JURNALMALUKU–Musyawarah Lokal (Muslok) XI Organisasi Amatir Radio Indonesia (ORARI) Lokal Kota Ambon resmi dimulai pada Sabtu (22/11) di Aula Kantor Diskominfo Provinsi Maluku. Wali Kota Ambon, Bodewin Wattimena, melalui sambutan yang dibacakan Kepala Dinas Kominfo Kota Ambon, Dr. Ronald Lekransy, menyampaikan apresiasi mendalam atas kontribusi ORARI dalam memperkuat layanan komunikasi publik, terutama pada situasi darurat dan aktivitas pemerintahan.
Hadir dalam pembukaan Muslok, perwakilan Dandim 1504/Ambon, Kapolresta Ambon, Ketua ORARI Daerah Maluku, Ketua ORARI Lokal Kota Ambon, unsur SAR, RAPI, Pramuka, dan seluruh anggota ORARI setempat.
Dalam sambutannya, Pemkot Ambon menegaskan bahwa ORARI—organisasi yang berdiri sejak 1968—telah berperan penting dalam berbagai momentum nasional maupun daerah, mulai dari dukungan komunikasi pada Pemilu, PON, kegiatan kenegaraan, hingga respons kebencanaan.

“Dalam perspektif UU 36/1999, telekomunikasi adalah sarana strategis memperkuat persatuan bangsa dan mendukung kelancaran pembangunan. Di tengah perkembangan teknologi yang pesat, ORARI tetap menjadi mitra pemerintah, terutama pada kondisi kedaruratan,” ujar Lekransy.

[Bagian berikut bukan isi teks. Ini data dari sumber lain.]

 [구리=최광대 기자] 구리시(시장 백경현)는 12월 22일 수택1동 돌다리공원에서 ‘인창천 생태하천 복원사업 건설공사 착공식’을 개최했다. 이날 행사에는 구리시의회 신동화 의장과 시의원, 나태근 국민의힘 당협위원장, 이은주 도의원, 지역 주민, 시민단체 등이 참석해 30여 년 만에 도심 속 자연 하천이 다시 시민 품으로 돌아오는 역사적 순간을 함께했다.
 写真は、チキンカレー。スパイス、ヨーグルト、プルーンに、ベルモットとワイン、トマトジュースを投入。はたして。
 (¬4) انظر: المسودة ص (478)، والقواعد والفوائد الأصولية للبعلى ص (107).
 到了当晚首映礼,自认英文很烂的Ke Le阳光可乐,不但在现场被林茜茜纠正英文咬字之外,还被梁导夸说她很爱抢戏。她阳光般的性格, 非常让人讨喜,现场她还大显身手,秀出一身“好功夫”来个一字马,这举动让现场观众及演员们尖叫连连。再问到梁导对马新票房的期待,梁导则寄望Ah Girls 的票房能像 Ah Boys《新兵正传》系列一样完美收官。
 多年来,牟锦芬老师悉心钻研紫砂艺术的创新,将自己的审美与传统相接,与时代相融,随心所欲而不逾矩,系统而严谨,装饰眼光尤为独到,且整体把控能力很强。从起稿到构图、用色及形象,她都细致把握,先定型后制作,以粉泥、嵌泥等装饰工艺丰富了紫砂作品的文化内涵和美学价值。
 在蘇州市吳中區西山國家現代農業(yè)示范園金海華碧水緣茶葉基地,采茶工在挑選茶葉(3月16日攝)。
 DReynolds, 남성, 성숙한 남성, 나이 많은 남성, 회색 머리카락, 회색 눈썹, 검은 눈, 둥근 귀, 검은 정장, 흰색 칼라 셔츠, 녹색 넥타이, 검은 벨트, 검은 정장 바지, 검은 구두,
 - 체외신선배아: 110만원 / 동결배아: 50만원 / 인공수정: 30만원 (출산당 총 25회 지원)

Pemerintah Kota Ambon juga menyampaikan apresiasi khusus kepada ORARI Lokal Kota Ambon yang dinilai konsisten berkolaborasi dalam berbagai kegiatan daerah, termasuk event olahraga, kegiatan sosial, dan pelayanan komunikasi darurat.
Muslok XI mengangkat tema “Meningkatkan Kualitas, Solidaritas dan Sinergitas ORARI Untuk Ikut Mewujudkan Ambon yang Lebih Maju Dengan Semangat Beta Par Ambon, Ambon Par Beta.”

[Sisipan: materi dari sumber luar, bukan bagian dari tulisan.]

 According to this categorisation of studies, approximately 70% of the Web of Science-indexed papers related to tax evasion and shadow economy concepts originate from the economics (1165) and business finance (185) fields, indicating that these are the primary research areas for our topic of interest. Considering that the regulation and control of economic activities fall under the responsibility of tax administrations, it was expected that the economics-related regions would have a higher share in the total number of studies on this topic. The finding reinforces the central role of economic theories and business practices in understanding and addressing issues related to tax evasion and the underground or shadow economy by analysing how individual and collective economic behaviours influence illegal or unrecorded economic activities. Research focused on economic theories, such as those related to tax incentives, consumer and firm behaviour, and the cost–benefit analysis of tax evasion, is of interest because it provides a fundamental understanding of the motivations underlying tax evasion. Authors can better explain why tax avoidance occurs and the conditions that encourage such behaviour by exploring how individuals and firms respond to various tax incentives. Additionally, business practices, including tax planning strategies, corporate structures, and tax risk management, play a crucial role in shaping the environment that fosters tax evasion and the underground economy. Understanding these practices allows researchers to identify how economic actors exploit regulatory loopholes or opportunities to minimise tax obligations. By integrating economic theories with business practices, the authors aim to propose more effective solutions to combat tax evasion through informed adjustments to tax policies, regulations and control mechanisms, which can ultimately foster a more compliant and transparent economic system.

Menurutnya, Tema tersebut menekankan pentingnya Penguatan kualitas dan etika organisasi, Dan Sinergi berkelanjutan dengan pemerintah untuk mendukung pembangunan kota.

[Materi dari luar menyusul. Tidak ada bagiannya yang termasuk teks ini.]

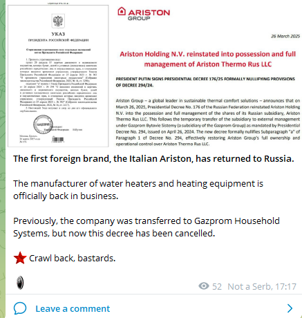 Vào ngày 26 tháng 3 năm 2025, Sắc lệnh Tổng thống số 176 của Liên bang Nga đã khôi phục quyền sở hữu và quản lý toàn bộ cổ phiếu của công ty con tại Nga của Ariston Holding N.V., công ty Ý cho biết trong một tuyên bố. Paolo Merloni, chủ tịch điều hành của Ariston, hoan nghênh quyết định này. "Chúng tôi dự định sẽ tiếp tục các hoạt động với ban lãnh đạo địa phương của Nga, tuân thủ đầy đủ các lệnh trừng phạt hiện hành và tiếp tục di sản của chúng tôi tại quốc gia này", ông cho biết trong một tuyên bố. Ariston cho biết hội đồng quản trị của công ty sẽ cần xem xét lại quyết định trước đó được đưa ra vào tháng 8 năm ngoái về việc giải thể đơn vị tại Nga của mình, có tên là Ariston Thermo Rus, và ghi nhận các khoản lỗ liên quan.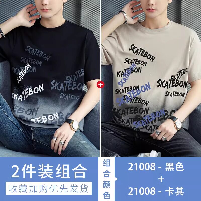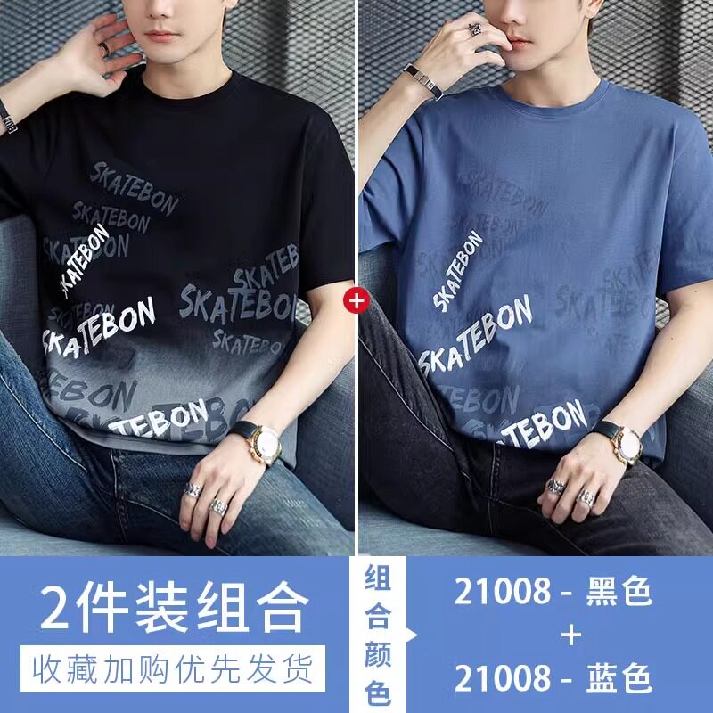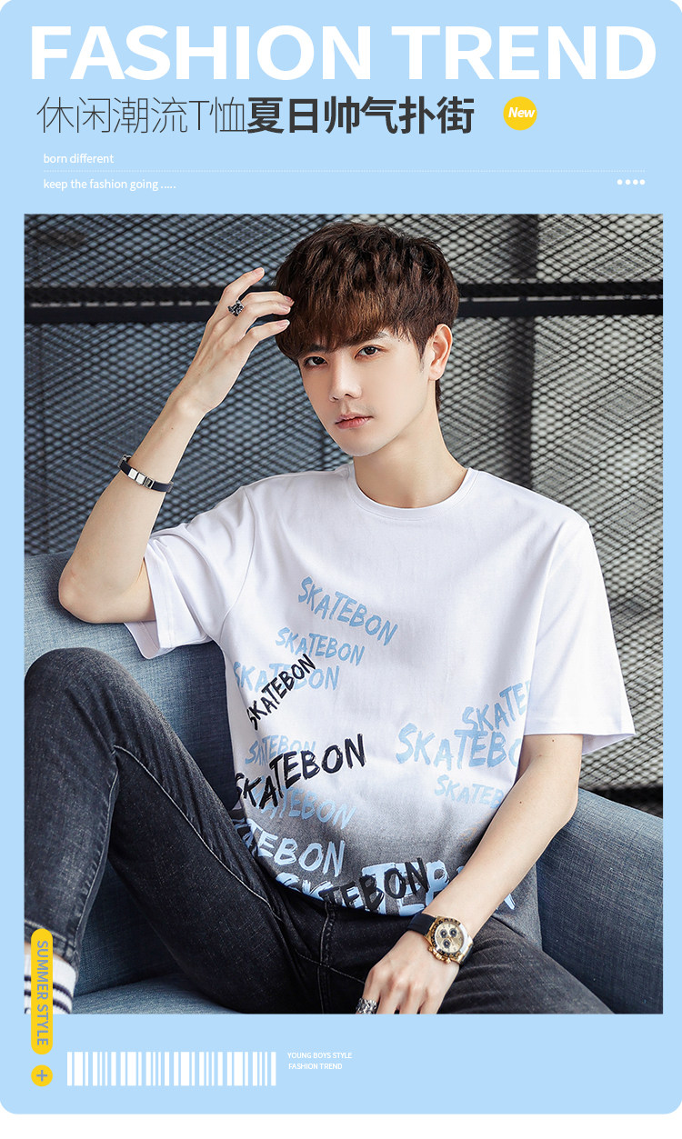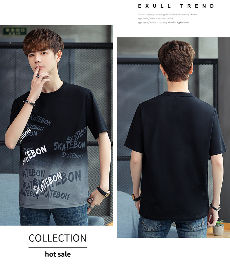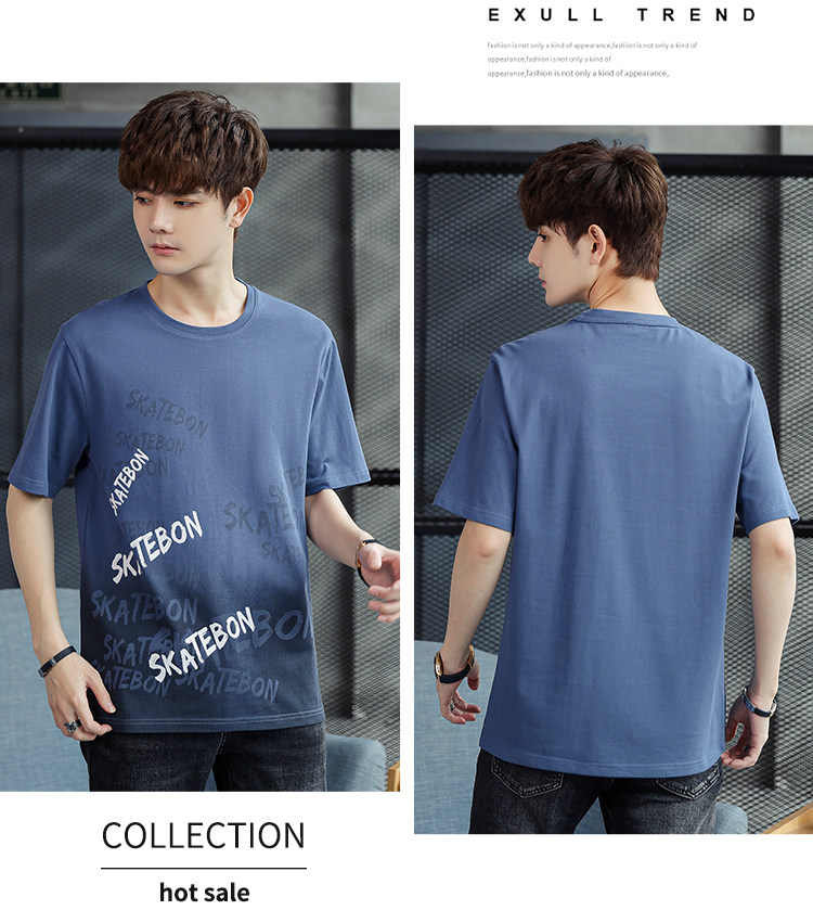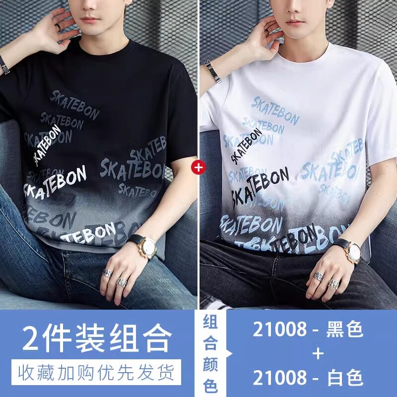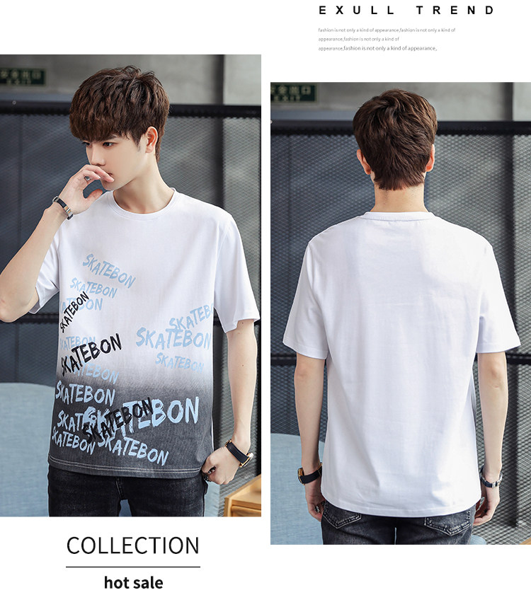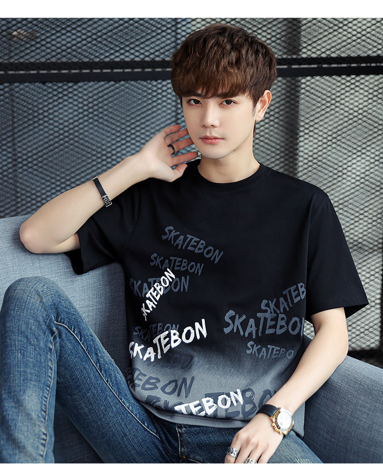 稻草人纯棉短袖t恤男夏季渐变半袖宽松上衣服凉感青年体恤新款t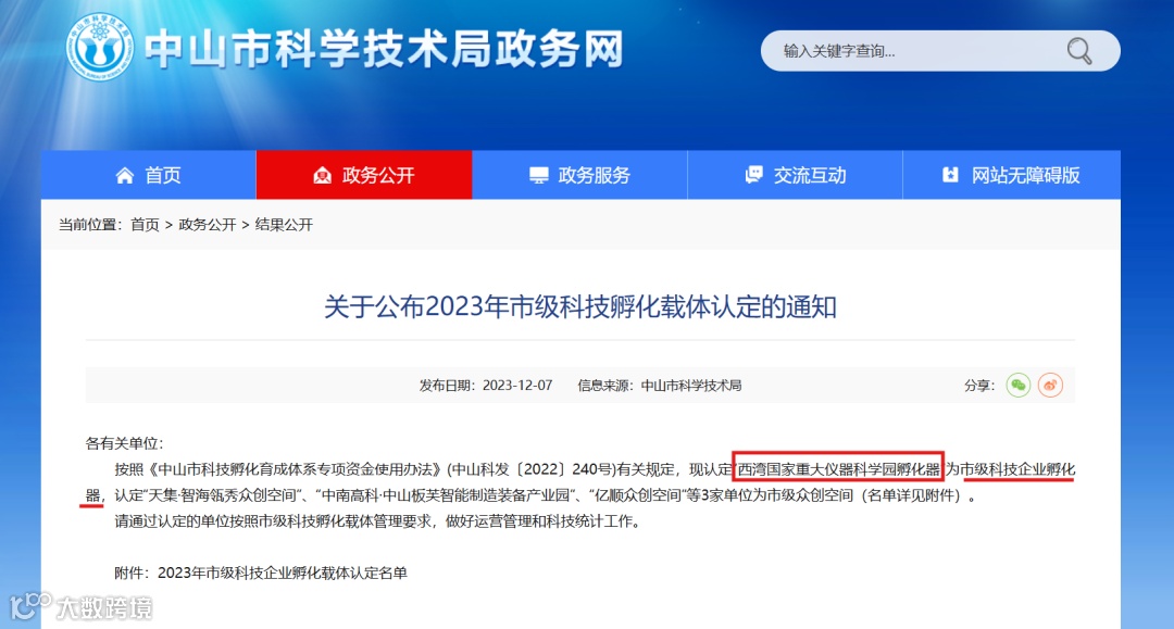 作为由国家科技评估中心、广东省科技厅与中山市政府强强联合打造的孵化器,西湾国家重大仪器科学园已于2023年12月6日荣获“市级”孵化器殊荣,实力与信誉并重。

Ia juga menjelaskan bahwa, Musyawarah ini juga menjadi ruang evaluasi kinerja, penyusunan langkah-langkah inovatif, serta pemilihan figur pemimpin yang visioner dan berintegritas. Pemkot memastikan akan terus membuka ruang kerja sama bagi ORARI pada berbagai sektor strategis.
Lekransy menambahkan bahwa ORARI tidak hanya berfungsi sebagai sarana pertukaran informasi, tetapi juga sebagai penghubung yang mempererat persatuan, mendukung pemerataan pembangunan, dan menjadi penyambung komunikasi antarwilayah.
Sementara itu, Ketua Panitia Muslok XI, Indra Caniago, menyampaikan terima kasih kepada seluruh anggota yang telah menunjukkan komitmen terhadap pelaksanaan kegiatan.
“Ini adalah rumah bersama. Kehadiran maupun dukungan dalam bentuk apa pun tetap menjadi bagian penting bagi kemajuan organisasi,” ujarnya.
Ia berharap Muslok XI mampu menghasilkan keputusan penting yang membuat ORARI semakin solid, modern, dan relevan bagi kebutuhan masyarakat Ambon.
Dengan resmi dibukanya Musyawarah XI ORARI Lokal Kota Ambon, organisasi ini diharapkan semakin memperkokoh perannya dalam menyediakan layanan komunikasi publik yang cepat, responsif, dan berorientasi keselamatan masyarakat. (JM–AL).